Mark Madsen says data science is half art and half science.

Mark Madsen says data science is half art and half science.

It's not the insight, but what you do with it. Analytic insights that result in no action are expensive trivia.

So says Mark Madsen, president of Third Nature, during his keynote address called ‘Beer, diapers and correlation: A Tale of Ambiguity', at the ITWeb Business Intelligence Summit 2017, held this morning at The Forum in Bryanston.

He says the beer and diapers story began around 1992. It claimed that men would buy beer when running to the shops to buy diapers, and wanting to capitalise on this phenomena, the shop placed these incongruous items together, and sales soared, he explains.

There is information gain that happens here, he says. "So why should a business do this sort of analysis? To increase co-purchase, cross promotion, price optimisation, inventory management, and refine marketing. Essentially lifting inventory to match expectation."

Beer and diapers

Madsen says he first read about the beer and diapers story in Chain Store Age Magazine in 1993. "I ran a test in 1994 in a grocery store, and specifically searched for this pattern. I was sceptical. In the US, state by state alcohol laws are different. For example Pennsylvania you can't buy beer and diapers at the same time."

Did he find the correlation? "No. However, in 1995 I found the correlation. After that, every time I built a data warehouse at a retailer, I ran the analysis. I found a really high correlation in 1997. Some years there was a correlation, some years a weak correlation, and some years no correlation at all. So is it true? Is it true. Yes. No. Maybe. I don't know.

"As an analyst, this really bothered me, I thought maybe this is just random observation. Maybe I'm seeing random purchase pattern, and am projecting my desire on to the outcome. It could be bad model fit."

So where did the story come from, he asks? "I found 11 400 academic papers and 14 000 books on analytics that mentioned the beer and diapers story. I pulled some of the quotes, and each story was slightly different. Remember, that in academic research on data science and machine learning, PHD means BS piled higher and deeper. They are just as bad as fact checking as the rest of us."

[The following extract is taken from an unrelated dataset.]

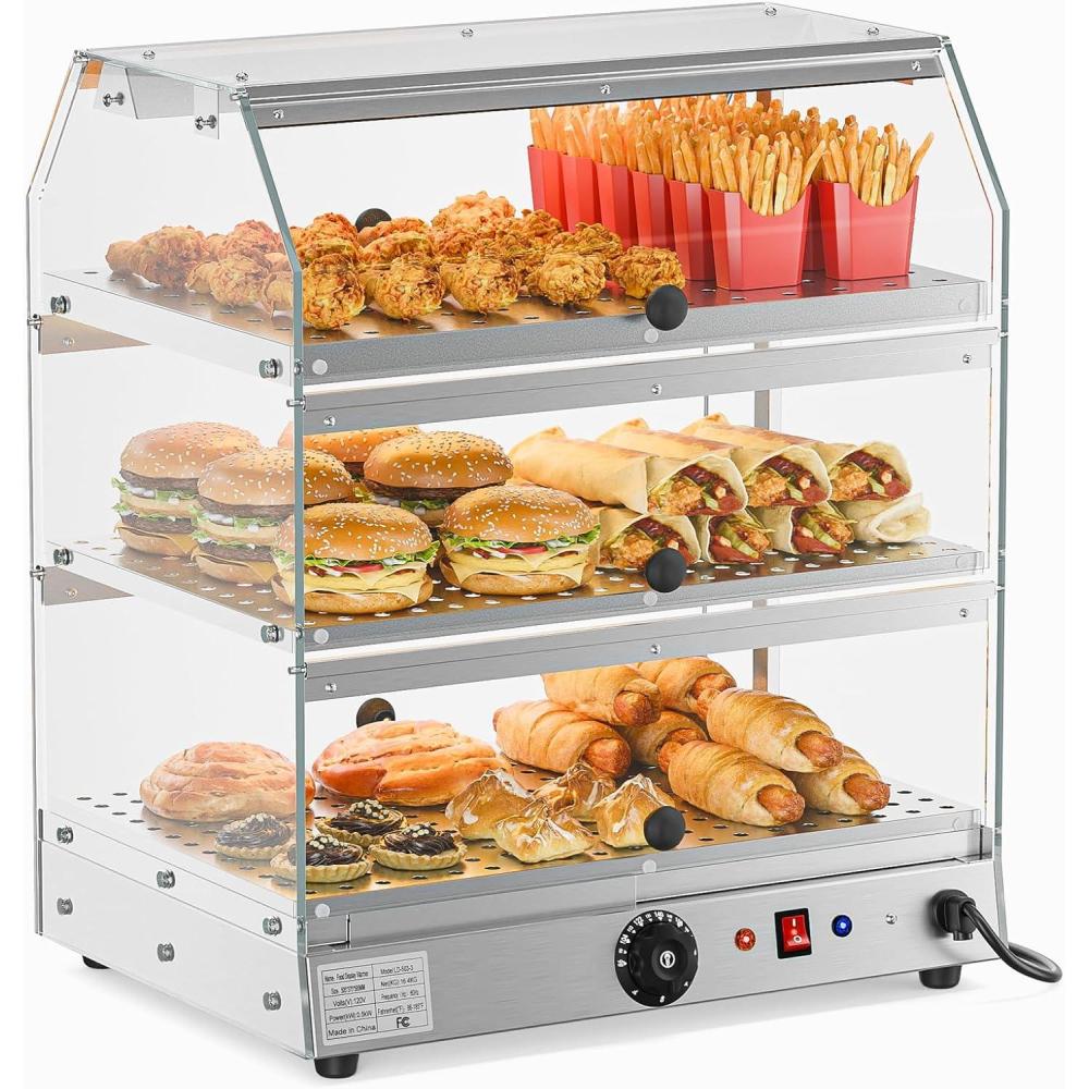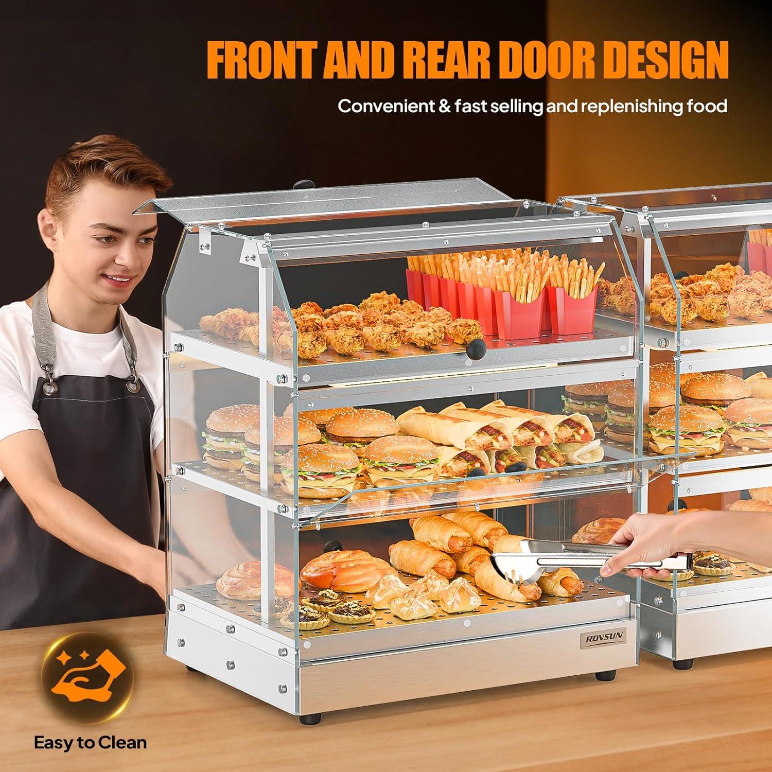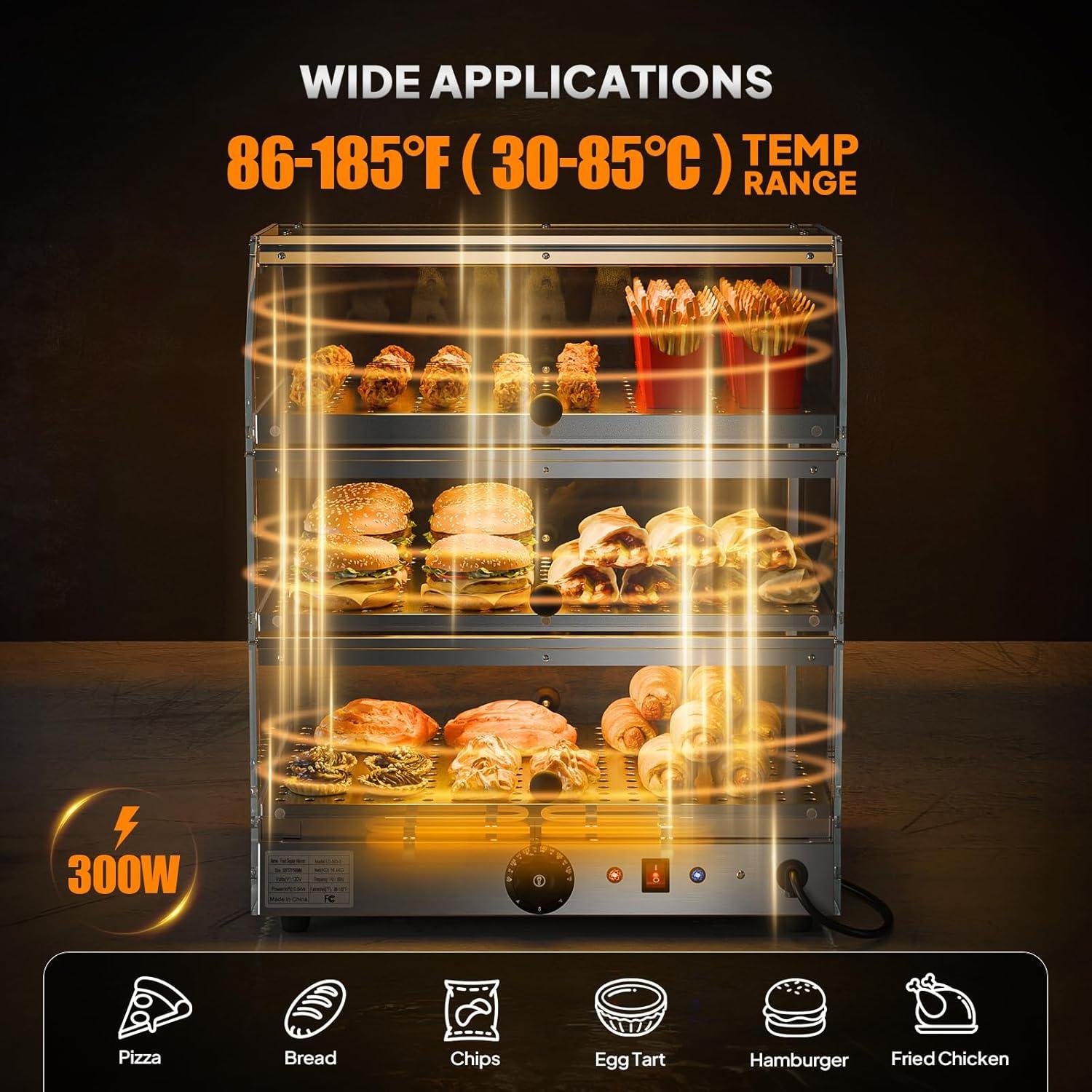 【Versatile Temperature Control】Adjust the temperature between 86-185°F with simple dial controls to suit various foods, from delicate pastries to hot sandwiches. The built-in thermostat maintains consistent warmth, preserving food quality during extended display periods. Ideal for buffets, delis, and restaurants needing flexible food warming solutions

The trail is muddy, says Madsen. It goes back to 1992, to Osco stores in the Midwest of the US. "It used 90 days of point of sale data from Osco drug stores, some 1.2 million baskets. Between 5pm and 7pm customers tended to co-purchase beer and diapers. So we have a correlation. A lady called Karen Heath did the analysis, although she never gets credit for it."

What did they find, and how? "They looked for correlation with baby products because they were high margin. They used SQL queries to find the relationships. They had a correlation between beer, diapers and time, but none with age, gender or day, and it didn't exploit the information by moving the products around. There were no loyalty programmes and no way of knowing the sex of the buyer, and no way to make attribution. It didn't distinguish between the actual affinities tested and our hypothesis. Somewhere fact blurred with folklore. In other words, don't let data get in the way of a good story."

Art and science

Madsen says data science is half art and half science. "Analytical cubism paints a picture in a way that is similar to how we see and remember a subject. Although cubism seems abstract, it tries to capture the truth, and it may be a more realistic way to paint a portrait.

"Take a 3D of someone's face, flatten them out and put the image on to 2D. This gives a more realistic view, of all sides combined on to one canvas. More realistic reflection of reality than a standard Dutch realist."

He adds that as with art at the turn of the last century, analytics, particularly how people think they should be used, can get stuck in in absolutist thinking. "Models are like art, they abstract reality by capturing dominant features, the essence of a situation. Like cubist paintings. An analytic model is something that pulls together the dominant features in the data, and leaves out a lot of the data."

Madsen says the general idea is correlation, a relationship between two things, or statistically speaking, a quantity measuring the extent of interdependence between variable quantities.

A fractured picture

So with beer and diapers, fragmentation and ambiguity was a problem. "There are mixed answers, and some correlations, but are you asking the right questions, and under what set of circumstances is it true?"

Enterprise reality is that causality is greater than correlation, he adds. "You wouldn't do anything without some idea of cause or context. Correlation isn't enough. So what is the explanation? What is the defining function linking the two together?"

This is where ‘analytical cubism' comes in. It is called this because of its structure. "Dissection of the subject, viewpoint by viewpoint, resulting in a fragmentary image of multiple viewpoints and overlapping planes."

This is the same thing that is happening here with the beer and diaper story, he says. "With this, the model is seeing pieces of a whole, because each of these models is independent with its own observations and data, like a snapshot that covers only the focal point of your eye. There are multiple pieces not independent, but dependent on a larger frame of reference."

When they are lined up together, the larger scene emerges in the same way that your brain puts together a scene by focusing on individual pieces and assembling the picture from them as your focus moves from place to place, concludes Madsen.